I'm trying to use as much parameters as I can in hyper-parameter tuning of Extra Trees Regressor and Random Forest Regressor, so I'll be sure on the model I'm going to use.

The parameters in Extra Trees Regressor are very similar to Random Forest. I get some errors on both of my approaches. I know some of them are conflicting with each other, but I cannot find a way out of this issue.

Here is the parameters I am using for extra trees regressor (I am using GridSearchCV):

​from sklearn.model_selection import GridSearchCV
param_grid = {
    'n_estimators': [10,50,100],
    'criterion': ['mse', 'mae'],
    'max_depth': [2,8,16,32,50],
    'min_sample_split': [2,4,6],
    'min_sample_leaf': [1,2],
    #'oob_score': [True, False],
    'max_features': ['auto','sqrt','log2'],    
    'bootstrap': [True, False],
    'warm_start': [True, False],
}

So, as far as I know, oob_score, does not work with Bootstrap='false' and that's obvious. But there is a problem between max_depth, min_sample_split and min_sample_leaf that I cannot figure out! I guess the depth of the tree should be a minimum to allow certain splits to happen, or the other way around(?).

Also, would 'min_weight_fraction_leaf', mean_impurity be useful? Especially the latter one.

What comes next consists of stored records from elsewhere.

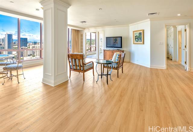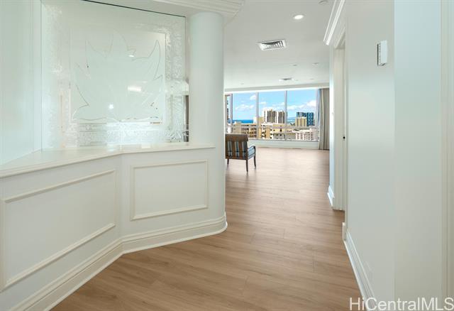 - Waikiki Landmark is perfectly located at the gateway to world-renowned Waikiki. This 2 Bedroom, 2 Bathroom Penthouse showcases spacious living and dining areas, well-appointed finishes & expansive views of the city and ocean. New wood flooring & paint throughout the unit. Privacy ensured with separate elevators taking you directly to the 35th floor. Building amenities include concierge services with multilingual staff, 24-hr security, newly updated fitness center, meeting room and an amazing outdoor recreation deck with three resort-style pools, Jacuzzi and BBQ/entertainment areas. Two parking stalls included. Resort-mixed use zoning.
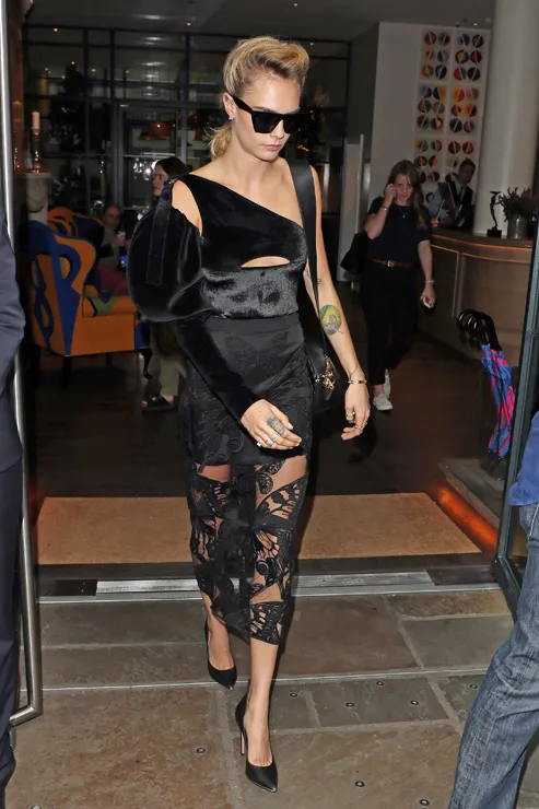 Кара Дельвинь любит сложные наряды. На этой неделе мы увидели ее в узком платье из черного бархата с асимметричным декольте и пышным рукавом жиго. Поверх этого короткого платья девушка надела узкую юбку-миди из черного тюля с крупными фактурными бабочками.
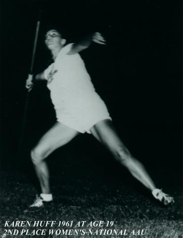 In 1960 Karen won the Girls National title, placed 2nd in the Women's division at the National meet and placed 3rd in the Olympic trials. She missed the qualifying Olympic standard by 9 inches, (standard was 160 ft. 9 1/2 in.) Karen threw 160 ft. 1/2 in. and did not go to Rome. In 1962 Karen won the Wome's Nationals for USA. |
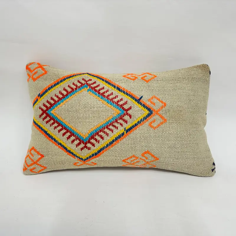 Beige & Orange besticktes Wurfkissen, handgemachtes geometrisches Kissen
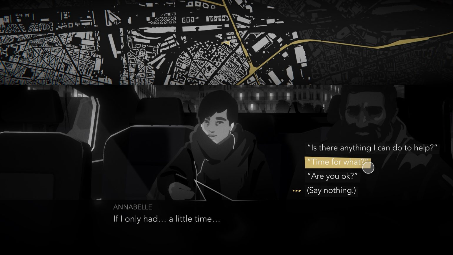 La trama è basilare eppure estremamente affascinante, in grado di lasciare il giocatore nel mistero più totale, ma senza togliergli mai il gusto per la scoperta. Il tassista/giocatore è quasi una presenza silenziosa nella vita delle persone che raccoglie e accompagna. Per molti è un buon ascoltatore, per altri una spalla su cui piangere e per altri ancora qualcuno con cui sfogare ansie e stress della giornata. Un confessore condiviso da tutta la città che però è ignara di rivelare i suoi segreti alla stessa persona. Forse è proprio per questo che il tassista risulta uno dei migliori investigatori di sempre, ma l’arduo compito di trovare la verità tra le parole dei passeggeri e soprattutto di riordinarla, spetta al giocatore. E spesso, se non si presta attenzione anche al più piccolo particolare, la soluzione del caso potrebbe rimanere persa per sempre tra le strade della Ville Lumiere.
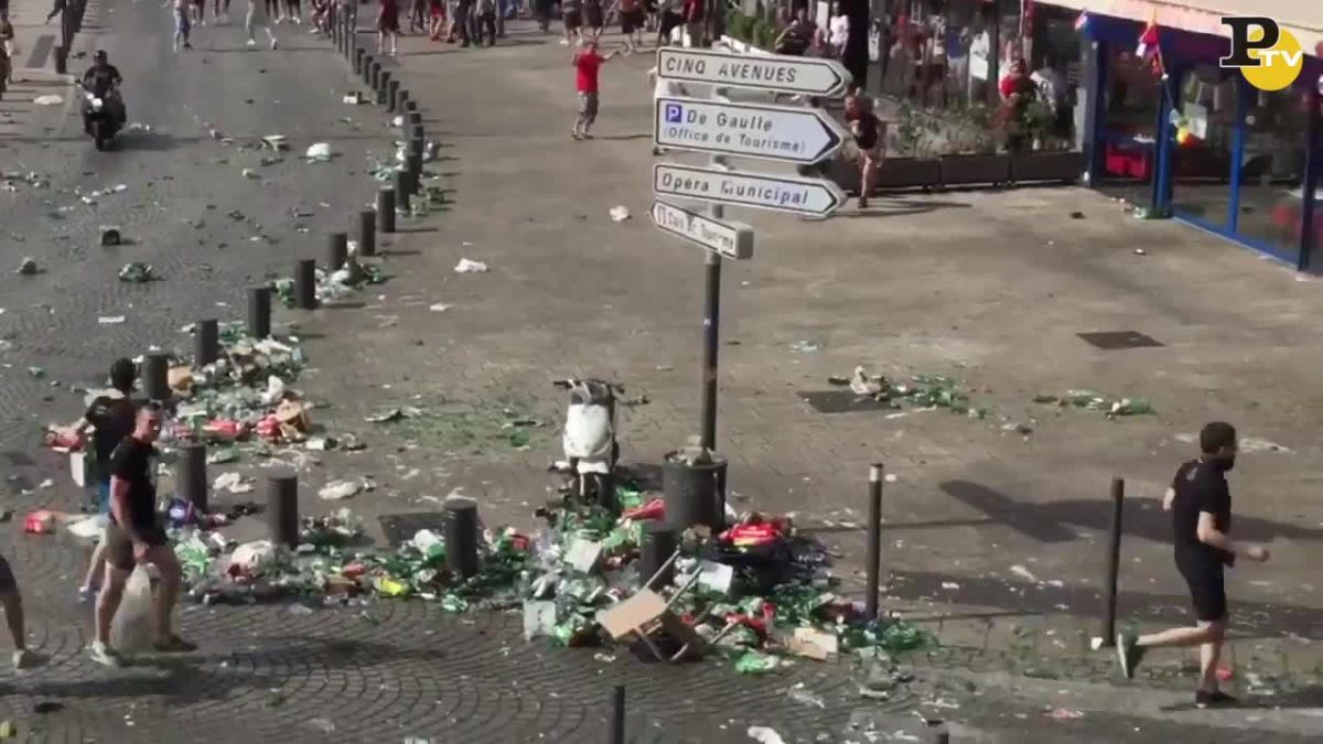 Marsiglia: ecco il video degli incidenti degli hooligans della Russia, un gruppo di 150-200 tifosi spesso con una maglietta nera uguale per tutti che, stando anche a quanto affermato dal Procuratore di Marsiglia, sarebbero ben organizzati, addestrati alla violenza ed arrivati a Marsiglia ed in Francia per Euro 2016 proprio per provocare e scatenare vere e proprie battaglie con i tifosi avversari e la Polizia.
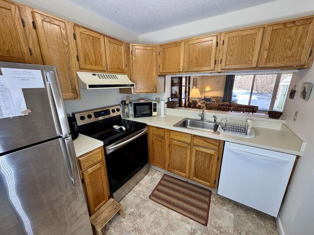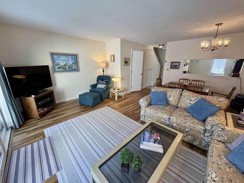 This multi-level middle unit offers a comfortable and efficient layout, perfect for those seeking a peaceful retreat. The main floor features a bright, open living and dining area designed for relaxation, along with a convenient half-bath. Upstairs, you will find two private bedrooms and a full bathroom, providing a nice separation of space between the sleeping quarters and the main living area.<br />

BTW, this is how I create the model:

from sklearn.ensemble import ExtraTreesRegressor
model = ExtraTreesRegressor ()

And this is how I run the GridSearchCV + Crossval:

gcv = GridSearchCV(model,param_grid,cv=5,n_jobs=-1).fit(XTrain,yTrain.values.ravel())

Thanks!

Best Answer

With 'n_estimators': [10,50,100], note that the number of trees has a new default start 0f 100. So you can have it as 'n_estimators': [int(x) for x in np.arange(start = 100, stop = 2100, step = 100)]